▶ **WHAT IS NEEDED**:
In the records below, find the line containing "Siemens Sensor for" and the line containing "1. Sistema di". Give again exactly those lines and every line between them, omitting the pictures.

[[ LISTED RECORDS, beginning ]]

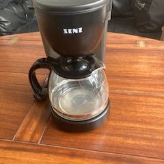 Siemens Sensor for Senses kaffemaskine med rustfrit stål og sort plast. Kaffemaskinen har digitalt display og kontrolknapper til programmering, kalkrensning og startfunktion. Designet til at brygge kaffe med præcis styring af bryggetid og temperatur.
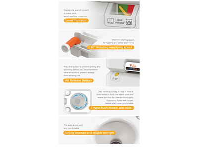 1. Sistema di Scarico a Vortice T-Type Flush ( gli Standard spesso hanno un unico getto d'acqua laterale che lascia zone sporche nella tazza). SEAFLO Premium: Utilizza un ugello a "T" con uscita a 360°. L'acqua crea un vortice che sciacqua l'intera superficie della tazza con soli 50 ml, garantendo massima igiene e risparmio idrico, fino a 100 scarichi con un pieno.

[[ LISTED RECORDS, end ]]
[[ LISTED RECORDS, beginning ]]

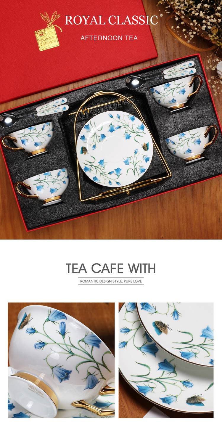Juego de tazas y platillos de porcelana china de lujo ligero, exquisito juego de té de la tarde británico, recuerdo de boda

[[ LISTED RECORDS, end ]]
[[ LISTED RECORDS, beginning ]]

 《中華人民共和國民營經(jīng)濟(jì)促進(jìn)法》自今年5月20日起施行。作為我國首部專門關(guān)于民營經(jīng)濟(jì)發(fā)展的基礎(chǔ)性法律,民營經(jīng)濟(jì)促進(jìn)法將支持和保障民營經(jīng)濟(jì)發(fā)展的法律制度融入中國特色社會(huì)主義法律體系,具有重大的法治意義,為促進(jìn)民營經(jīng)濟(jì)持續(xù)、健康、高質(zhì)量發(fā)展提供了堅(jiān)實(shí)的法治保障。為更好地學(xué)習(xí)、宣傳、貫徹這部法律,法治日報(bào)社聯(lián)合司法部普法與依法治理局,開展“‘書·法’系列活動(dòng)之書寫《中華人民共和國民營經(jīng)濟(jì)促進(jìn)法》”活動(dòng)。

[[ LISTED RECORDS, end ]]

▶ **EXPECTED ANSWER**:
 Siemens Sensor for Senses kaffemaskine med rustfrit stål og sort plast. Kaffemaskinen har digitalt display og kontrolknapper til programmering, kalkrensning og startfunktion. Designet til at brygge kaffe med præcis styring af bryggetid og temperatur.
 1. Sistema di Scarico a Vortice T-Type Flush ( gli Standard spesso hanno un unico getto d'acqua laterale che lascia zone sporche nella tazza). SEAFLO Premium: Utilizza un ugello a "T" con uscita a 360°. L'acqua crea un vortice che sciacqua l'intera superficie della tazza con soli 50 ml, garantendo massima igiene e risparmio idrico, fino a 100 scarichi con un pieno.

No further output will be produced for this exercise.